This open access paper discusses current views on the degree to which osteoarthritis is driven by inflammation, as is the case for many other age-related diseases. With aging the immune system declines into a malfunctioning state of chronic inflammation, ever more active while also ever less effective at the tasks of destroying pathogens and errant cells. In young people, inflammation in short bursts is a necessary part of the immune response, but in the old it becomes a consistent destructive process, gnawing away at the proper function of organs and systems in the body and brain. Addressing this in some way, perhaps through an adaptation of the immune destruction and recreation approach taken for some autoimmune diseases, should be broadly beneficial.

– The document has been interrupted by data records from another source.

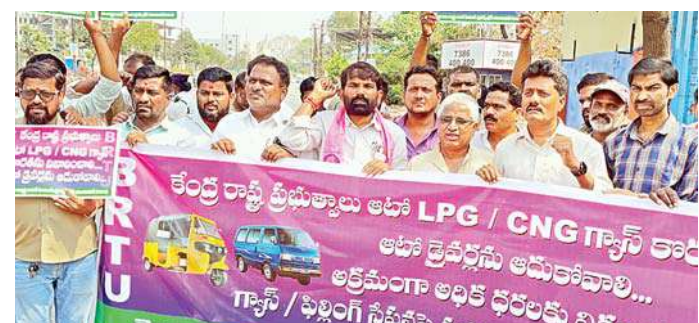
ఎల్పీజీ--సీఎన్జీ కొరతతో కుదలేన ఆటో డ్రైవర్ల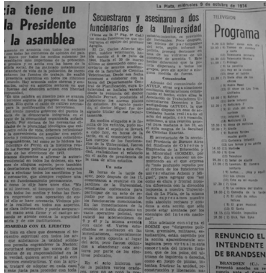
10. Nota interior de esa misma edición (fotografía 9) sobre el secuestro y asesinato de ambos dirigentes.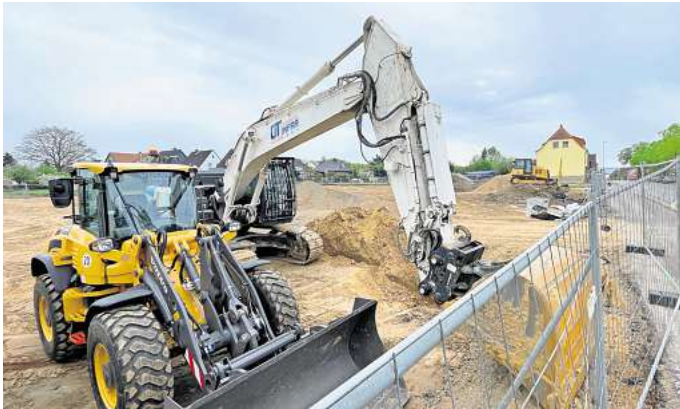
Baustelle in Groß Munzel: In nur sieben Monaten soll hier ein neuer Supermarkt entstehen.

Die Regensburger Baufirma Ratisbona gilt als einer der führenden Projektentwickler für nachhaltige Handelsimmobilien und hat nach eigenen Angaben seit der Firmengründung 1987 bereits mehr als 1.200 Märkte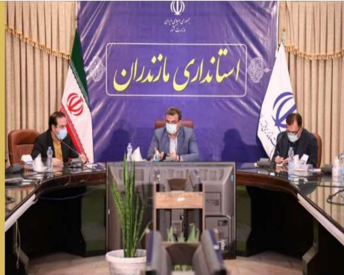
استاندار مازندران: ✓

تغییر رفتار مردم در مقابله با کرونا اقدام قابل توجه وزارت بهداشت بوده است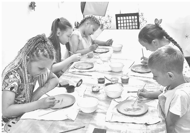
Мастер-классы в студии IRNIKA_pottery для детей и взрослых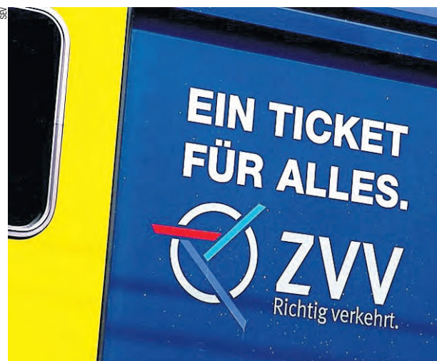
Der Erfolg des öffentlichen Verkehrs hängt auch von einer guten Vernetzung der verschiedenen Verkehrsmittel ab – wie zum Beispiel in Zürich.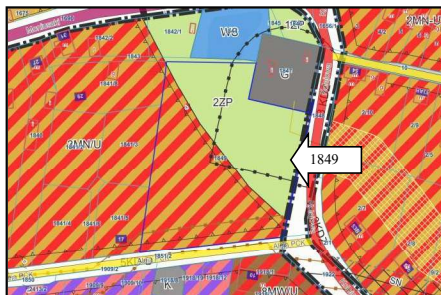
Zdj.2 Wyrzys z Miejscowego Planu Zagospodarowania Przestrzennego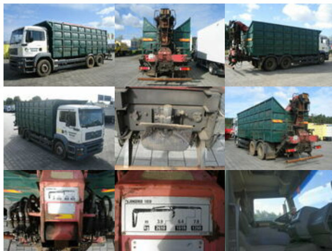
MAN TGA 26.413 BB 6x4 TGA 26.413 BB 6x4 mit Heckkran Jonsered 1020

Preis (brutto): 17.731,00 € Gesetzl. MwSt. 19%: 2.831,00 €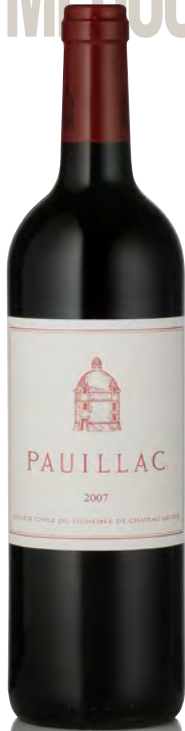
PAUILLAC DE LATOUR Pauillac

Vitigno: Cabernet S. 50% - Merlot 45% - Cabernet F. 3% - Petit Verdot 2% Tipo di vino: rosso Vinificazione e affinamento: fermentazione acciaio separata per vitigno - affinamento barriques nuove 20% per 18 mesi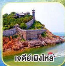
เจดีย์เฟิงไหล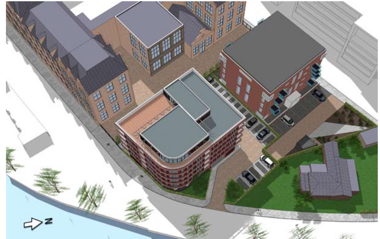
16.00 UUR - NIEUW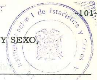
Tabla Nº 8. - POBLACION INMIGRANTE DEL CANTON MONTUFAR, POR AÑOS DE RESIDENCIA Y SEXO, SEGUN GRUPOS DE EDAD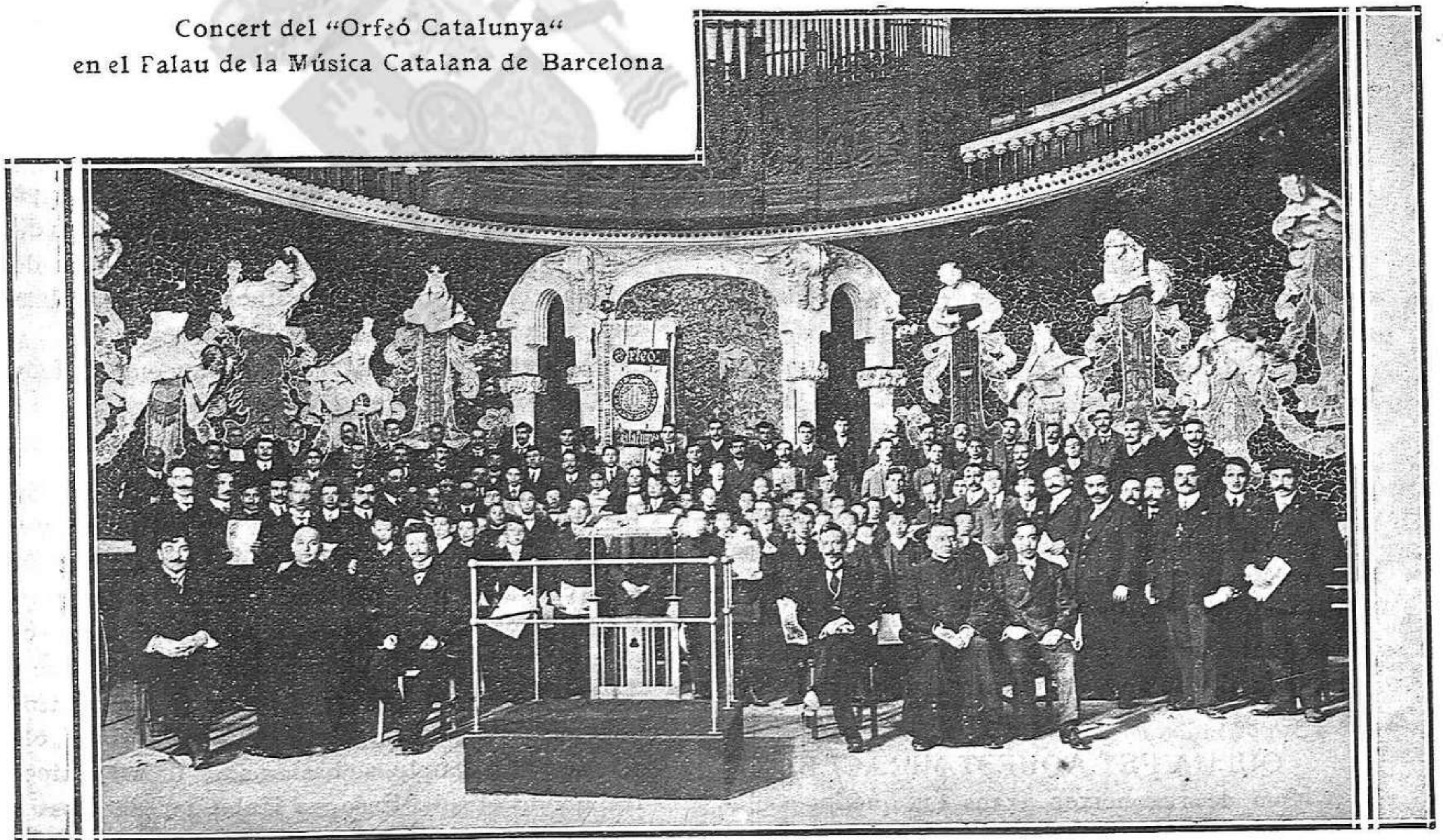
Concert del "Orfeó Catalunya" en el Palau de la Música Catalana de Barcelona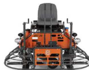
Husqvarna doble CRT-36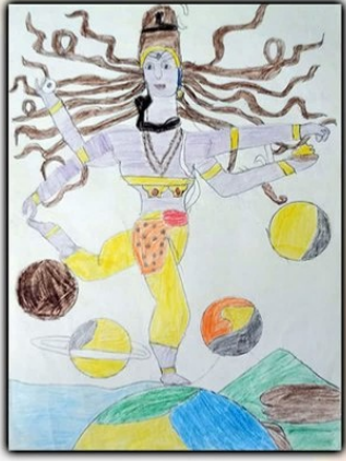
विधान कर्तव्यकुमार राजगोर धोरछा-प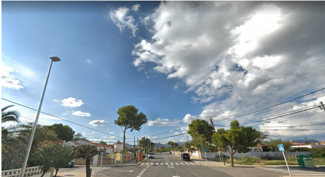
Una imatge de l'avinguda del Mar

L'Ajuntament de Mont-roig del Camp ha començat, aquest dilluns 13 de setembre, les obres de millora de l'avinguda del Mar . El projecte contempla la instal·lació de mobiliari urbà, la plantació d'arbrat, així com la creació d'un carril bici que unirà el parc esportiu Lilí Álvarez amb la plaça de Tarragona. El projecte també inclou la creació d'una mitjanera amb arbrat que separarà els dos carrils de la calçada.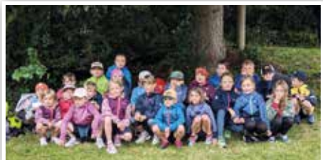
U10 und U8 beim Schlosslauf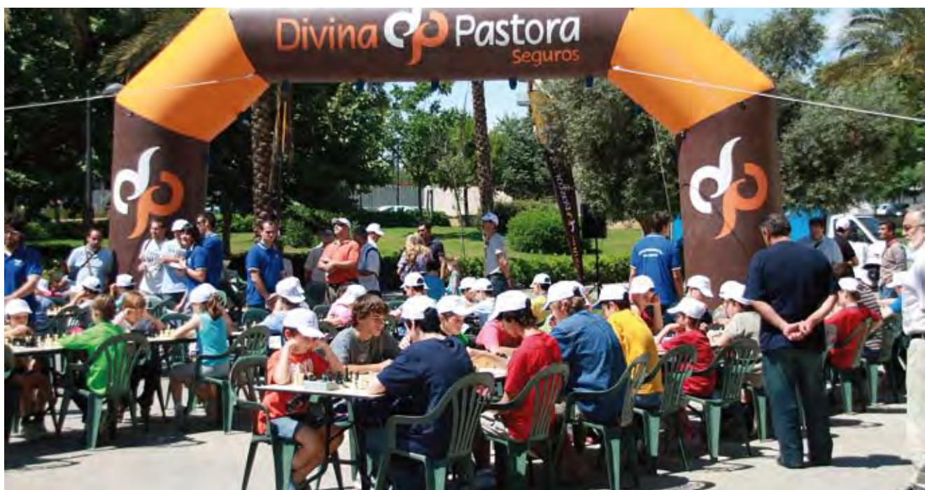
Ajedrez Juego Limpio 2009.

Además, hay que tener en cuenta que toda actividad desarrollada por el personal voluntario tiene que formar parte de un proyecto concreto y determinado con anterioridad.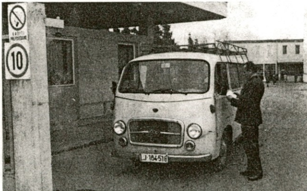
Kontrola dokumentov pri izhodu iz tovarne v Jaršah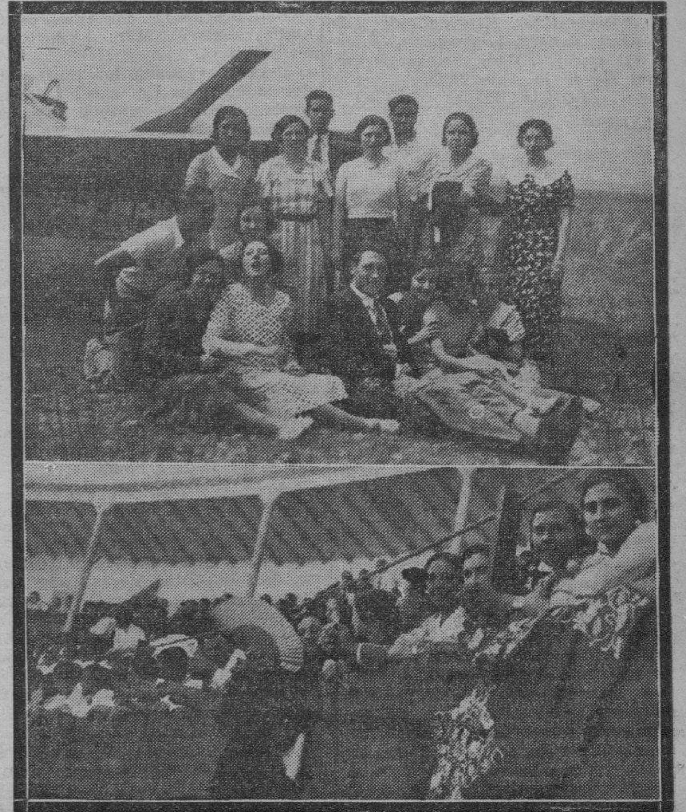
ALFARO. — Las fiestas han alcanzado este año gran brillantez. Arriba: Un selecto grupo de bellas muchachas alfareñas, poco después de haber recibido su bautismo de aire en los aviones militares que tomaron parte en los festejos. Abajo: Un aspecto del tendido de la plaza de toros, durante la corrida celebrada con motivo de las fiestas.

Affecting approximately 3.8% of the global population, osteoarthritis (OA) is regarded as a prevalent cause of morbidity and disability worldwide. OA shows many disease characteristics, such as cartilage degradation, moderate synovial inflammation, pain, alteration of bony structure, and impaired mobility. However, despite the severity of the disease, relatively little is known about its exact etiology. Recent compelling investigations have attributed the onset of OA to various person-level factors such as age, sex, obesity, and diet and joint-level factors such as injury, malalignment, and abnormal joint loading. Although more and more researchers have recently presented hypotheses concerning the involvement of these factors in OA, especially for person-level factors, few of their hypotheses have been demonstrated experimentally, and some have even been challenged by the latest observational studies and clinical trials.
Of the several factors potentially involved in the pathogenesis of OA, T cell-mediated immune responses and their influence on the biology of OA are the focus of this review. The scientific community once understood OA to be induced by mechanical stress in the form of cartilage destruction, with minimal if any involvement of immune responses. Thus, OA was regarded as a non-inflammatory disease, in contrast with rheumatoid arthritis (RA), an inflammatory disease. However, recent studies suggest that at least in certain patients, OA is an inflammatory disease; patients have frequently been found to exhibit inflammatory infiltration of synovial membranes. Most recent studies have shown that the number of inflammatory cells in the synovial tissue is lower in patients with OA than in patients with RA, but higher than that in healthy subjects. Indeed, little difference has been found in the percentages of T cells, B cells, and natural killer cells in the peripheral blood between patients with OA and RA. The similarity of the immune cell profiles of RA and OA and suggested that abnormalities in T cells may also contribute to the pathogenesis of OA.
Further experiments indicated that inflammation in OA is anatomically restricted and varies in intensity. The synovial membranes in regions rimming the cartilage of OA patients, which contain T cells bordered by B lymphocytes and plasma cells, showed a pronounced inflammatory response. In contrast, only a few infiltrating lymphocytes were observed in the synovial membranes taken from macroscopically non-inflamed areas in OA patients. This may explain the suggestion made by some researchers that immune responses are not involved in the pathogenesis of OA. When synovial samples from patients with knee OA were analyzed, the synovial lining cells showed strong immunoreactivity and phagocytic potential with cluster of differentiation (CD) 68 antibodies. These findings suggested that macrophages may be associated with the pathogenesis of knee OA. Of 20 osteoarthritic synovial membranes, 5 showed lymphoid follicles containing T cells, B cells, and macrophages, and 10 (including the latter five) displayed a diffuse cellular infiltrate containing T and B cells, macrophages, and granulocytes. These results suggested that B cells and granulocytes may also be involved in the pathogenesis of knee OA.